It is Sunday the day after my Avonex shot. I decided to take my Provigil to see how I would feel. Well I feel pretty good. I don't feel like sleeping and I feel pretty good. I would say this is the best I have felt on a Sunday since taking the Avonex. I went 2 days without Provigil, Friday I went without it because I was suppose to get an ultrasound and they had told me to have an empty stomach, by the time I got home it was too late to take it. Saturday I went to the MS Women's Conference and just forgot. I can definitely tell the difference from taking the Provigil and not taking it. I ended up falling asleep around 5 until 8pm. The Women's Conference was really fun and I learned some new things about the disease. I also met some new people which was nice.

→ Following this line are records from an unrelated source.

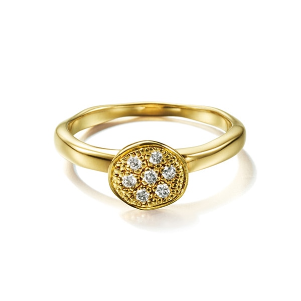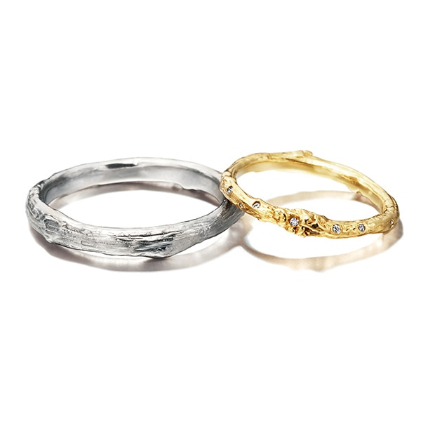 自然からインスピレーションを受けて、樹木の細い枝の絶妙な質感、節目をとらえたリング。レディスには10粒のダイヤモンドをランダムに配して朝露のようなピュアな煌めきを讃える。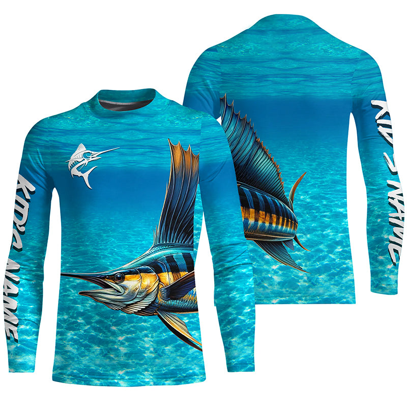 Sailfish fishing blue water camo Custom Name sun protection long sleeve fishing shirt for men, women NQS5553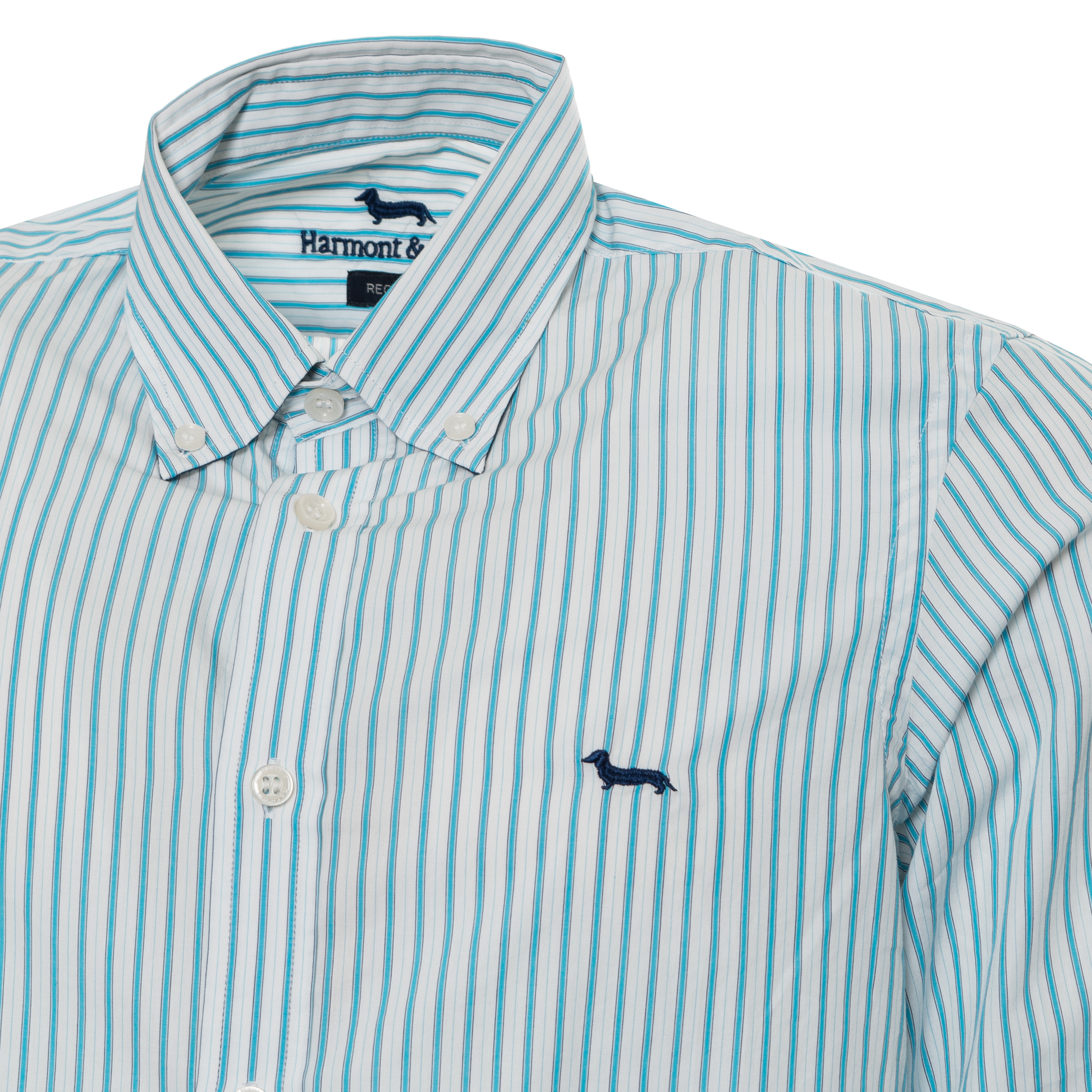 Una costruzione accurata caratterizza questa camicia Harmont & Blaine in puro cotone. Il collo button-down presenta punte assicurate da piccoli bottoni, garantendo una tenuta impeccabile. Lungo il busto, la fantasia a righe bicolore si sviluppa verticalmente, interrotta solo dall'iconico logo ricamato sul petto. I contrasti interni rivelano una cura sartoriale per i dettagli nascosti, mentre il fondo arrotondato e i polsini regolabili completano un'estetica pulita e rigorosa. Questo capo esprime un equilibrio tra precisione tecnica e semplicità tessile.

One woman told me she was very angry for the first 6 months after she was diagnosed, that made me feel much better about the way I have been feeling. I have been a very angry person for the last 5 months doing things out of character and treating my husband unfairly. He has been so supportive through this whole ordeal and I have been very difficult to be around; moody, angry, and down right rude to him. I have been working on my anger issues and I am trying to be a more fun person to be around. It's going better, I realized being angry about things I can't change is not helping me, it just makes me more depressed and unhappy. I have this disease and there is nothing I can do about it, so there is no reason to be angry about it anymore. I need to make the best of what I have. I have a wonderful husband, good friends, and a family that is being really supportive. I have decided being angry with things I have no control over, only causes more problems. I don't want to be an angry person, I want to be a happy person. So my short term goal is to try to be a happier person.
Things are going pretty well, I am feeling a lot better with this fatigue drug, which is improving my mood tremendously which is helping me to be a happier person. I will write more later.